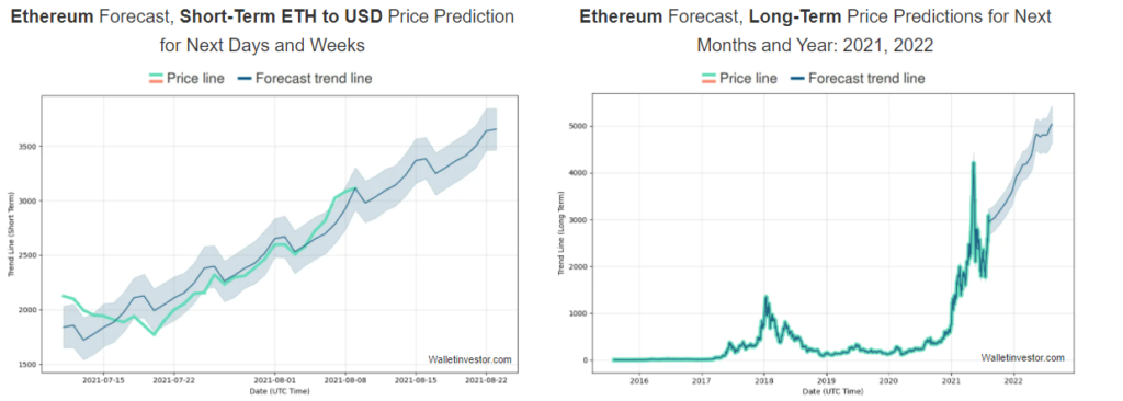 De acordo com a análise AI da WalletInvestor, a projeção de preços da ETH é otimista para as próximas semanas e meses. A previsão prevê um preço máximo ETH para o final de agosto de 2021 de US$ 3.657.620 a US$ 3.849.470.
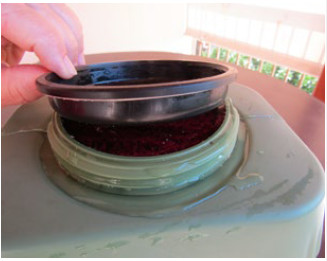 Με την ολοκλήρωση της ζύμωσης, προσθέτουμε προοδευτικά αλάτι στην επιφάνεια των δοχείων με κριτήριο τη γεύση και λίγο ξύδι, αν δεν είναι πολύ όξινη.
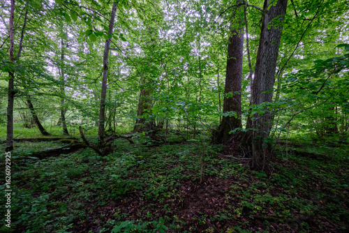 Obraz premium Late springtime deciduous forest with fresh green rich trees around
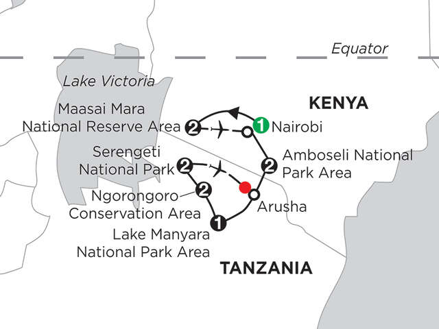 Between destinations and for all game drives: private safari mini-bus in Kenya & 4-wheel-drive vehicle in Tanzania carry up to 6 people, and feature a pop-up roof for easy game viewing/photography; private transfers to/from airport for all intra-vacation flights; intra-vacation flights not included.
::::::
## Problem to work on
Could you retype exactly, and only, the lines running from the one with "Obraz premium Late" to the last line of the listing, while leaving any pictures out?

## Response to the task
 Obraz premium Late springtime deciduous forest with fresh green rich trees around
 Between destinations and for all game drives: private safari mini-bus in Kenya & 4-wheel-drive vehicle in Tanzania carry up to 6 people, and feature a pop-up roof for easy game viewing/photography; private transfers to/from airport for all intra-vacation flights; intra-vacation flights not included.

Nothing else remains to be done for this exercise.